## Step 1 - import relevant packages

In [128]:
from tensorflow import keras
from sklearn.model_selection import train_test_split
from sklearn.neighbors import KNeighborsClassifier
from sklearn.tree import DecisionTreeClassifier
from sklearn.linear_model import SGDClassifier
from sklearn import metrics
import numpy as np

## Step 2 - load the Fashion-MNIST dataset

In [129]:
fashion_mnist = keras.datasets.fashion_mnist
(x_train, y_train), (x_test, y_test) = fashion_mnist.load_data()

## Step 3 - take a subset of the data set (3000 for training and 1000 for testing)

In [130]:
# combine the training data and testing to get the complete dataset
x_data = np.concatenate((x_train, x_test), axis=0)
y_data = np.concatenate((y_train, y_test), axis=0)

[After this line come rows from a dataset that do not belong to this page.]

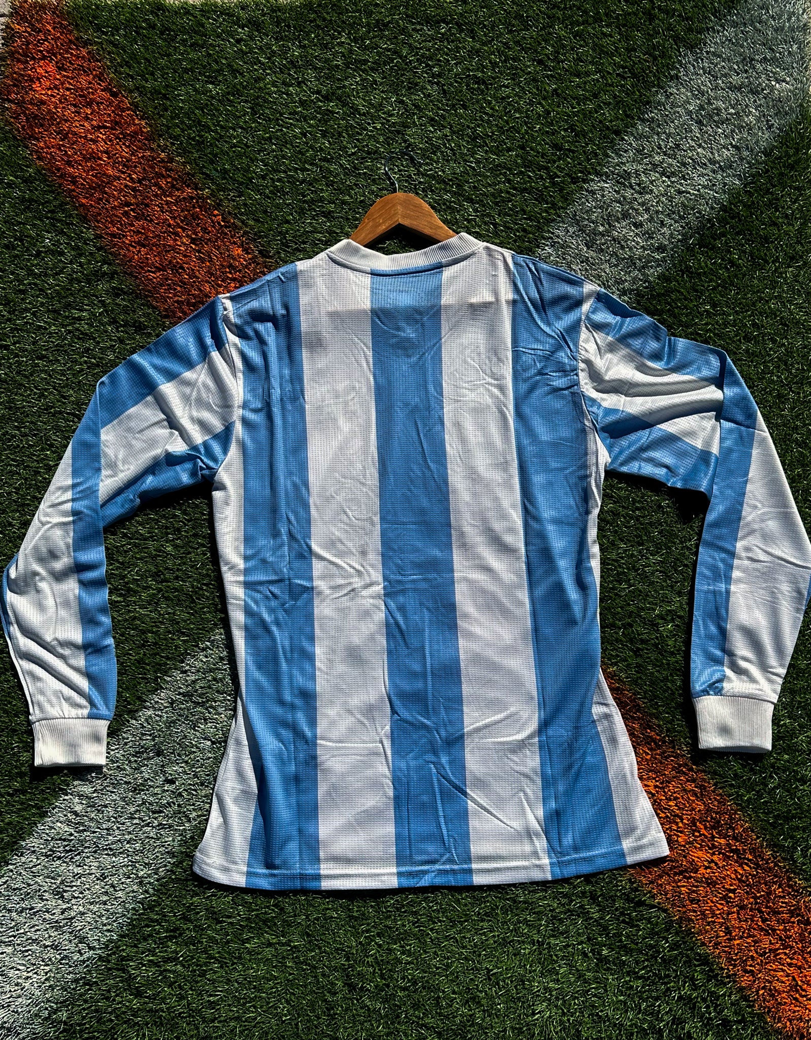 Inspired by Argentina’s 1974 kit, this modern reimagining features the classic sky blue and white stripes, now elevated with premium gold accents, including a retro Trefoil adidas logo and a minimalist AFA crest framed by a laurel wreath and three stars—symbolizing Argentina’s World Cup triumphs.
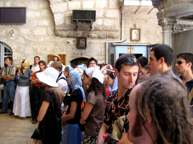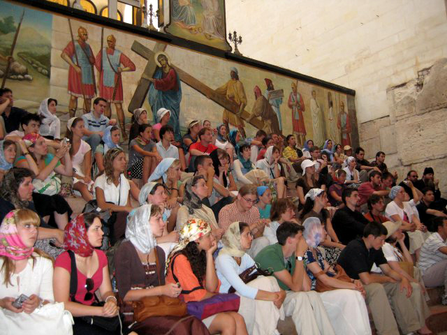 Наиболее впечатляющим моментом этого первого дня в Иерусалиме было пение молодежью пасхальных песнопений у Гроба Господня, которое она совершала со благоговением, слезами и поминовением родных и друзей.
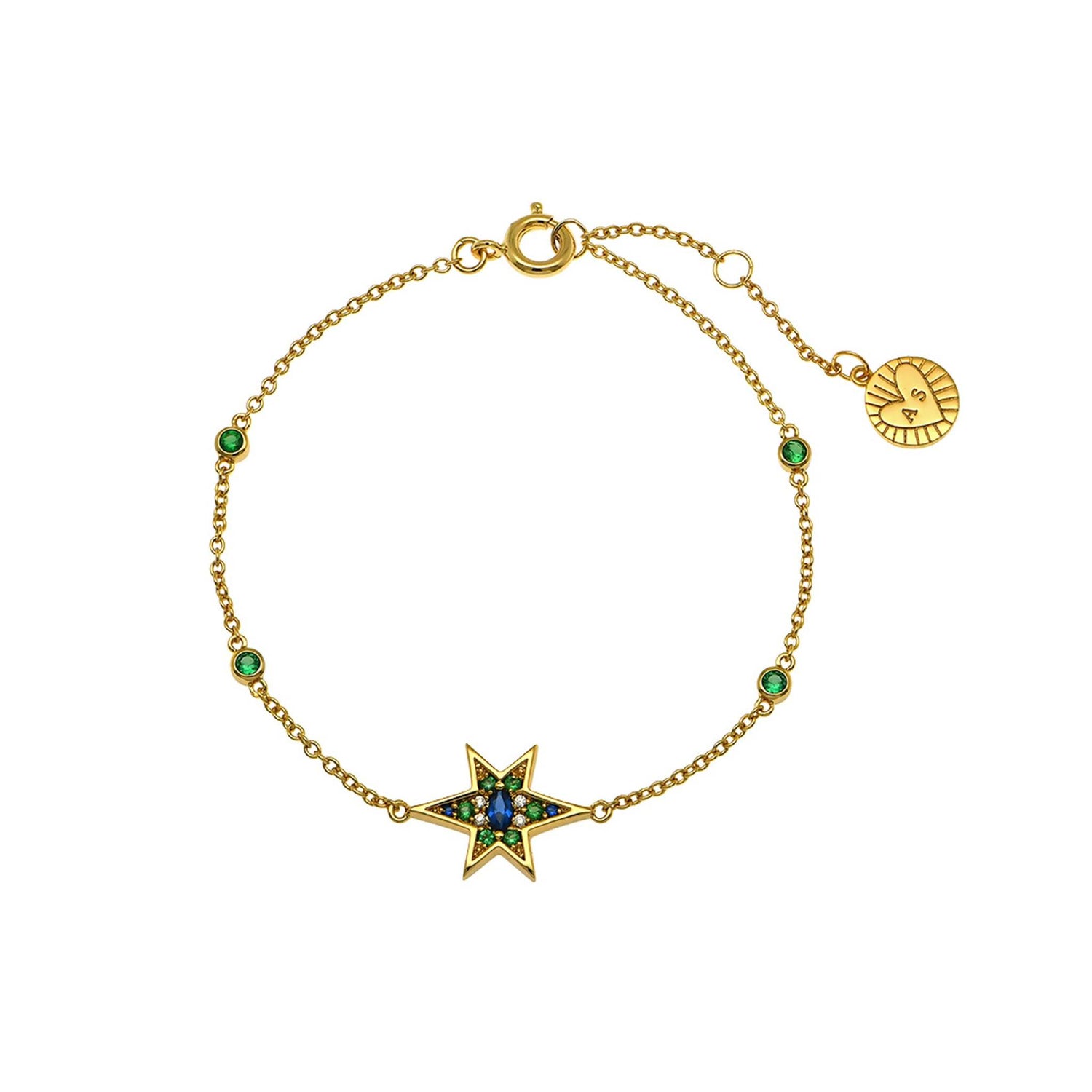 Add some celestial magic to any look with our sparkling Nova north star chain bracelet. A gorgeous marquise cut sapphire blue coloured cubic zirconia at the centre surrounded by a scattering of emerald green and clear cubic zirconia sparkles, finished with glimmering 18k gold plating.
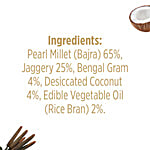 Pearl Millet (Bajra) 65%, Jaggery 25%, Bengal Gram 4%, Desiccated Coconut 4%, Edible Vegetable Oil (Rice Bran) 2%.
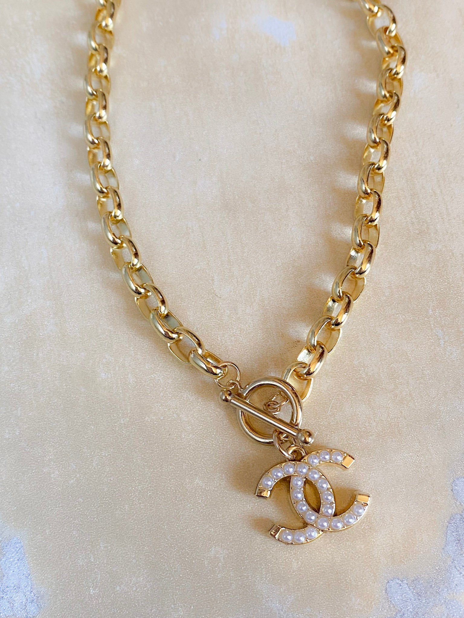 Authentic CC pendant the size of a half dollar on 18 karat GF paper clip chain, 18” or 16” and you may also order it with a half pearl, half paper clip chain, see chain in second picture
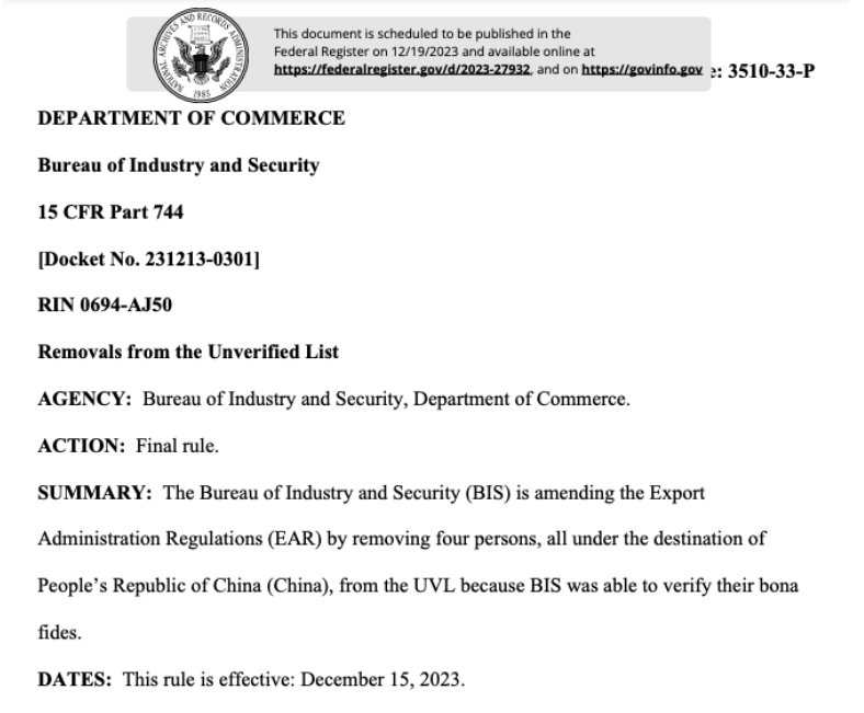 据美国政府在《联邦公报》(Federal Register)上发布的信息,一份由美国商务部工业与安全局(Bureau of Industry and Security)拟于12月19日发布的文件显示,工业与安全局修订美国《出口管理条例》(EAR),将4家中国公司移出“未经验证清单”(UVL)。
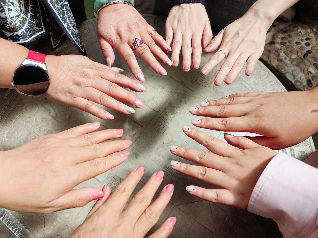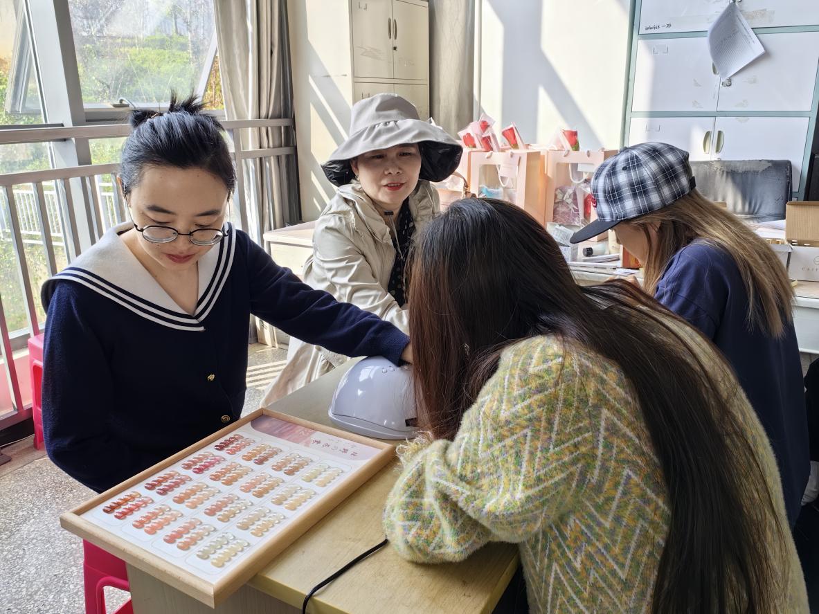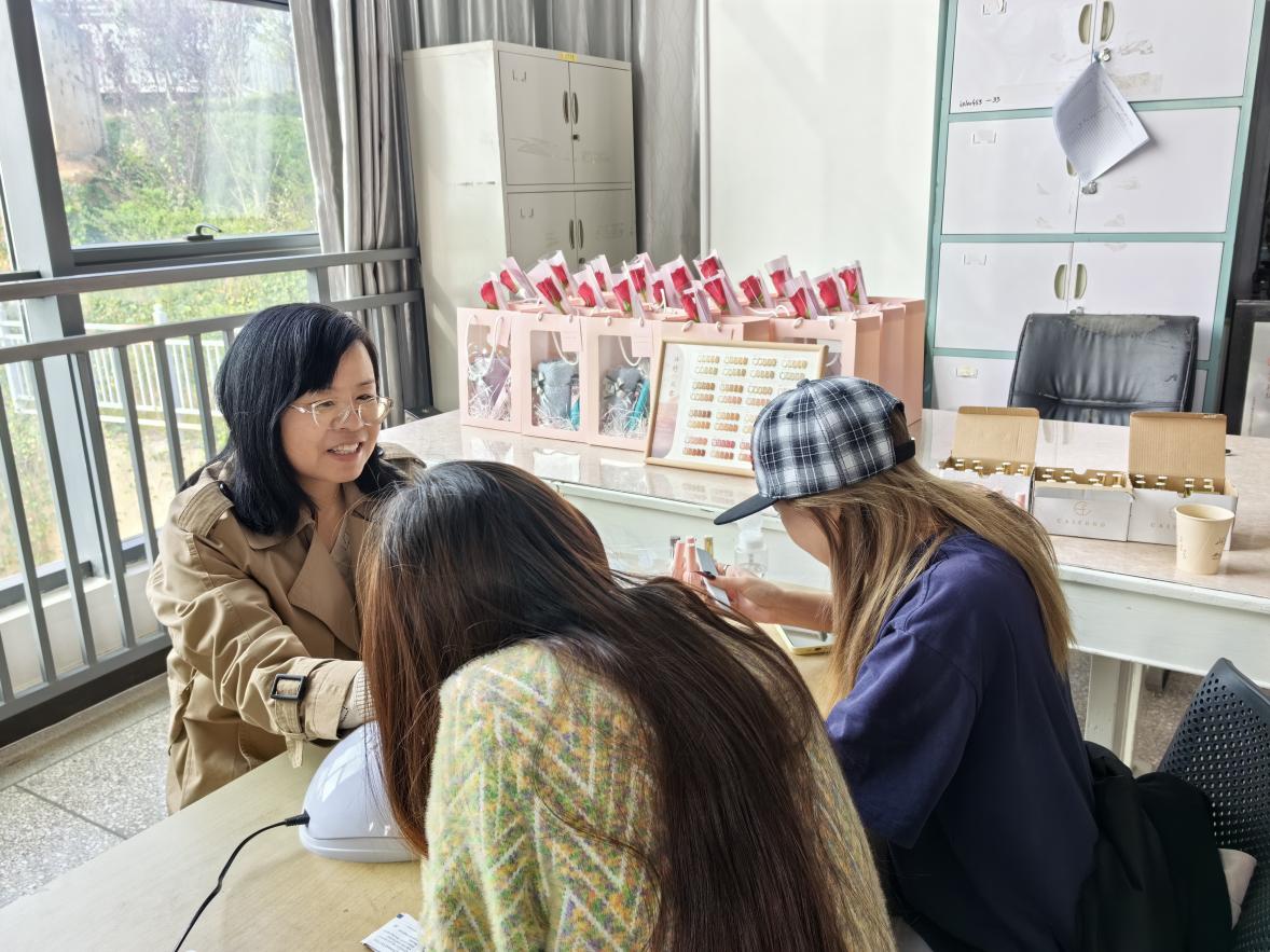 来自校团委的同学为学院女教师们做美甲。

test_size = 1000 / (1000 + 3000)
X_train, X_test, Y_train, Y_test = train_test_split(x_data, y_data, test_size=test_size, random_state=0)

x_train = X_train[:3000]
y_train = Y_train[:3000]
x_test = X_test[:1000]
y_test = Y_test[:1000]

print(x_train.shape)
print(x_test.shape)

(3000, 28, 28)
(1000, 28, 28)


## Step 4 - perform necessary reshaping of the data for the classifiers

In [131]:
x_train = x_train.reshape(x_train.shape[0], -1)
x_test = x_test.reshape(x_test.shape[0], -1)

print(x_train.shape)
print(x_test.shape)

(3000, 784)
(1000, 784)


## Step 5 - initialise the classifier model

In [132]:
knn_classifier = KNeighborsClassifier(n_neighbors=3)
dt_classifier = DecisionTreeClassifier()
sgd_classifier = SGDClassifier(max_iter=250)


## Step 6 - fit the model to the traing data

In [133]:
knn_classifier.fit(x_train, y_train)
dt_classifier.fit(x_train, y_train)
sgd_classifier.fit(x_train, y_train)

SGDClassifier(max_iter=250)

## Step 7 - use the trained/fitted model to evaluate the testing data

In [134]:
y_knn_predict = knn_classifier.predict(x_test)
y_dt_predict = dt_classifier.predict(x_test)
y_sgd_predict = sgd_classifier.predict(x_test)

## Step 8 - report the performance of each classifier

### KNN classifier

In [135]:
knn_accuary = metrics.accuracy_score(y_test, y_knn_predict)
knn_precision = metrics.precision_score(y_test, y_knn_predict, average='macro')
knn_recall = metrics.recall_score(y_test, y_knn_predict, average='macro')
knn_f1 = metrics.f1_score(y_test, y_knn_predict, average='macro')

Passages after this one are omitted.